出会いは銀座のスナック

先月の名古屋場所中日の前日、田中彌壽雄先生が逝去されました。
新聞各紙のおくやみ欄に掲載されていたので、目にされた方も多いと思いますが、
24日にお通夜、25日に告別式が東京駿河台のニコライ堂で行われ、
夫も名古屋からお通夜に参列しました。

お父さまの繁吉画伯の画集出版を祝う会が開かれたのが昨年9月。
とてもお元気そうだったので、突然の訃報にはショックを受けました。
84歳。肺がんだったそうです。
 
あのとき、夫がご披露した“画集出版を祝う甚句”をたいそう喜んでくださり、
目頭を押さえていらしたことが思い出されます。
いま思えば、甚句をつくる機会をいただけて本当によかった。

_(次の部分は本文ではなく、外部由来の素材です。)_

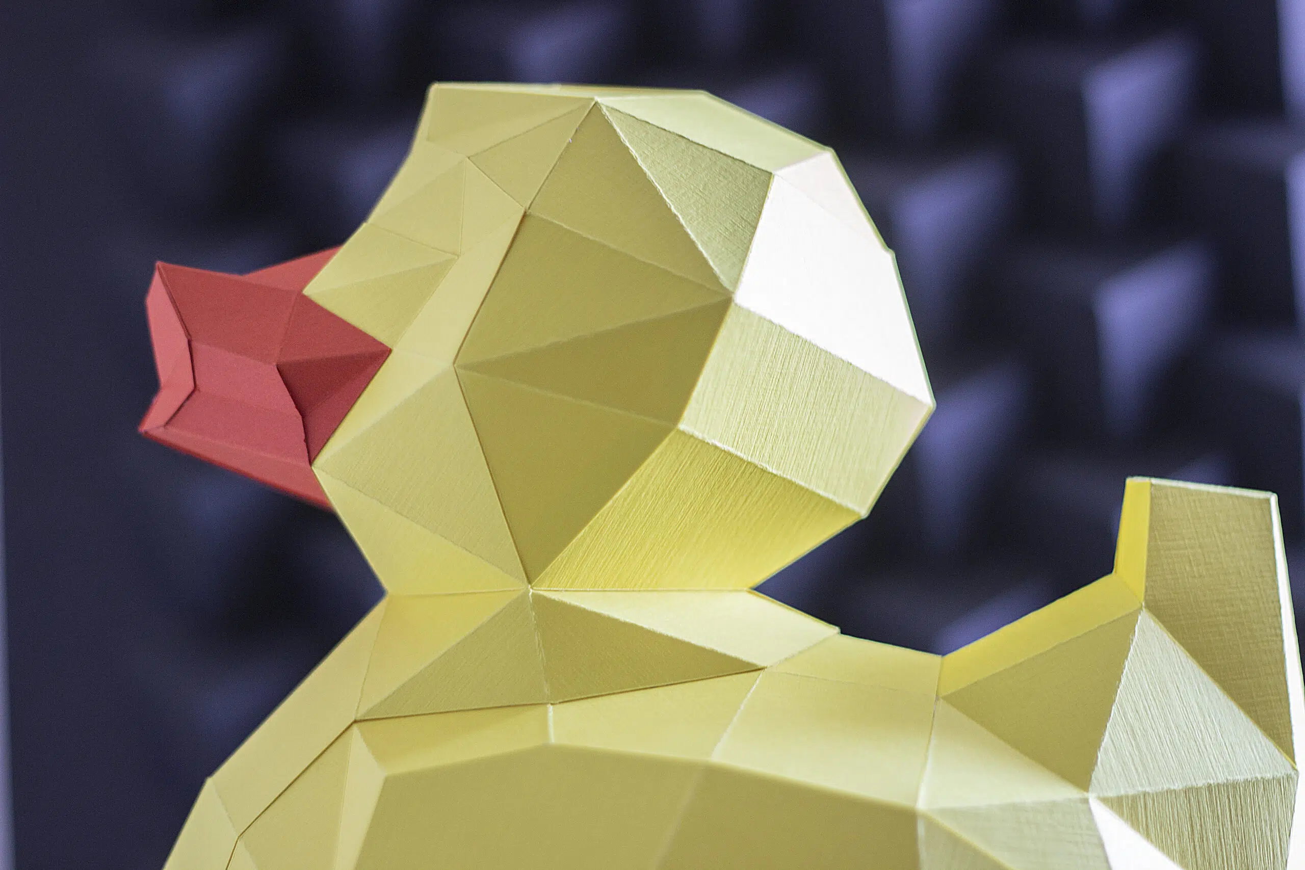 Au début, ce ne sont que des formes. Puis les volumes s’installent, les angles se répondent, et le canard apparaît. Ce papercraft 3D joue avec une esthétique franche et joyeuse, parfaite pour réveiller une étagère, un bureau ou un coin créatif.
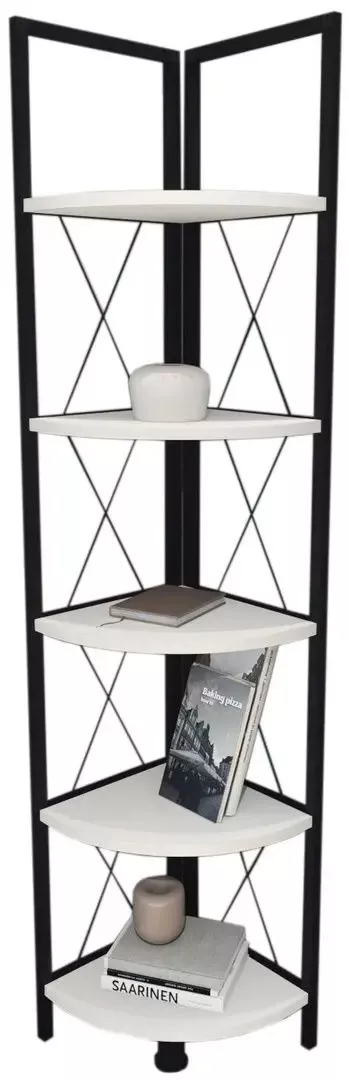 Raft de colț Fabulous 5 Shelves, 33,5 cm x 159,5 cm x 33,5 cm, White/Black
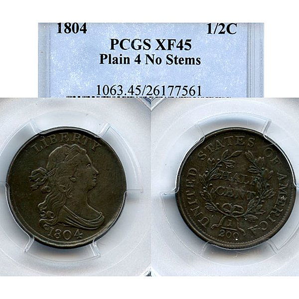 1804 Draped Bust Half Cent XF45 PCGS
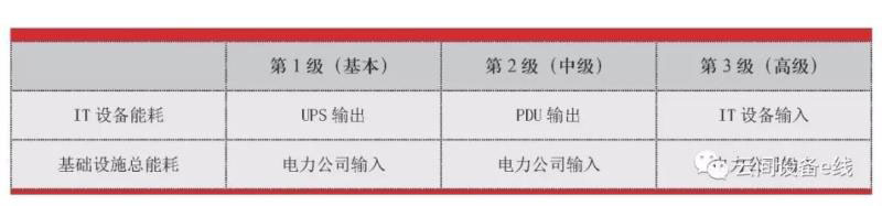 TGG給出了PUE計(jì)算時(shí)的三種測(cè)量采集方法。數(shù)據(jù)中心總耗電量Pt都是電力公司對(duì)數(shù)據(jù)中心的輸入。如果數(shù)據(jù)中心所在的建筑物是多用途的,必須對(duì)數(shù)據(jù)中心的總耗能進(jìn)行識(shí)別,需要減去辦公區(qū)域的用電。但是用于數(shù)據(jù)中心技術(shù)支持的總控中心的用電必須包括在內(nèi)。IT設(shè)備總耗電量PIT的采集點(diǎn)有三種:第1級(jí)是基本級(jí)別,采集點(diǎn)是UPS的輸出;第2級(jí)是中級(jí)級(jí)別,采集點(diǎn)是機(jī)房?jī)?nèi)配電柜的輸出;第3級(jí)是高級(jí)級(jí)別,采集點(diǎn)是機(jī)柜內(nèi)電源插座的輸出,也就是IT設(shè)備的輸入,具體見(jiàn)表1。這三種計(jì)算方法的采集點(diǎn)對(duì)電力使用的功耗或電量的采集的顆粒度要求逐級(jí)提高。目前,我國(guó)多數(shù)數(shù)據(jù)中心采用的是第1級(jí)的采集和計(jì)算方式。因此,得到的PUE數(shù)值也比第2級(jí)和第3級(jí)數(shù)值更低。
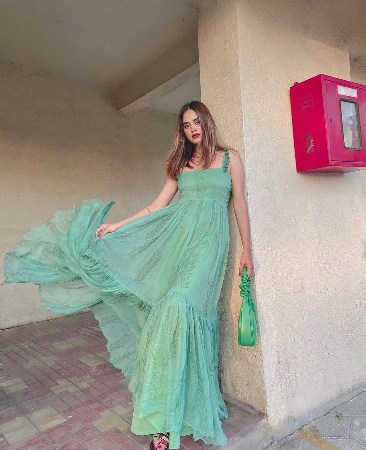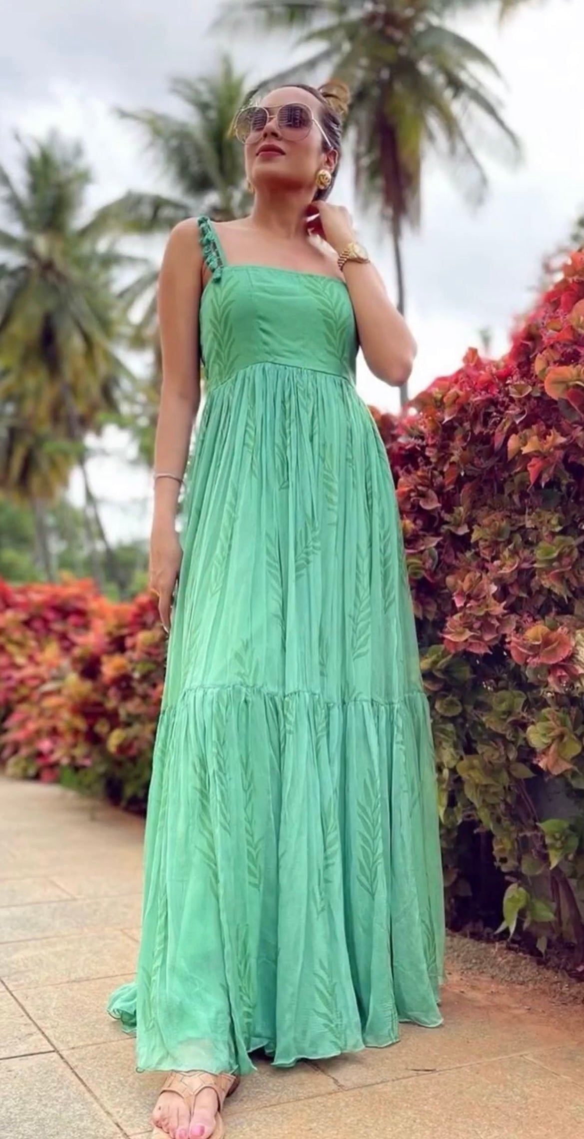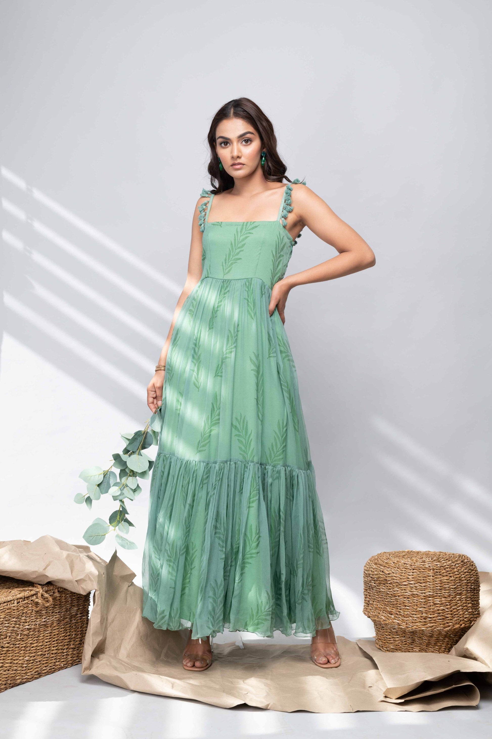 This green leaf print chiffon maxi dress with tassels and fishnet detailing at the back offers an elegant and breezy silhouette. Perfect for a semi-formal summer event or a garden party.
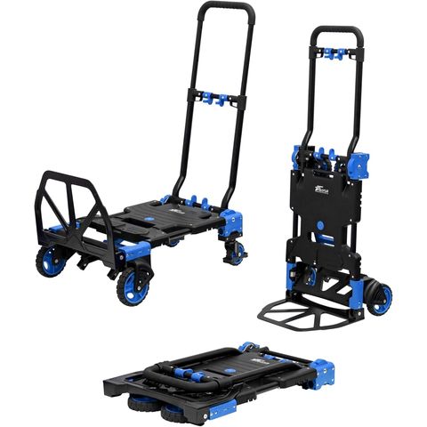 FIELDOOR 台車 折りたたみ (ブラック×ブルー) 折りたたみ台車 コンパクト キャスター付き 静音 4輪/2輪台車 2WAYタイプ 耐荷重140kg ハンドキャリー 手押し台車 スリム フラット キャリーカート 折り畳み 軽量 業務用 家庭用 アルミ スチール 運搬台車 送料無料
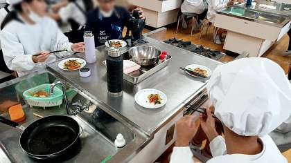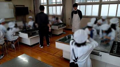 5/9 6年 家庭科 公開日 2025/05/09 更新日 2025/05/09 お知らせ 6年は、午後から家庭科で調理実習を行いました。 テーマは「いためてみよう」ということで、ニラとにんじん、玉ねぎを使った「三色野菜いため」を作りました。 写真は実食のようすです。給食の後だったので量はそれほどでしたが、子どもたちは自分たちの手で作った野菜炒めを美味しく味わっていました。 いいね(0)

そう強く感じます。

田中先生は、東京タワー、名古屋テレビ塔通天閣などの設計に携わった、
建築構造学がご専門の早稲田大学名誉教授でした。

長きにわたる大相撲ファンでもあり、1995年には『玉錦双葉山とその時代』
という500頁近い大作を上梓されています。

田中先生と夫を結びつけてくれたのが、このご本でした。
銀座のあるスナックで先生とたまたまいっしょになり、
先生に「お相撲さん、これ差し上げます」と声をかけられ、ご著書をいただいたのだそう。
これをきっかけとして、20年近くにわたる交流が始まったのでした。

田中先生のご冥福を心からお祈りします。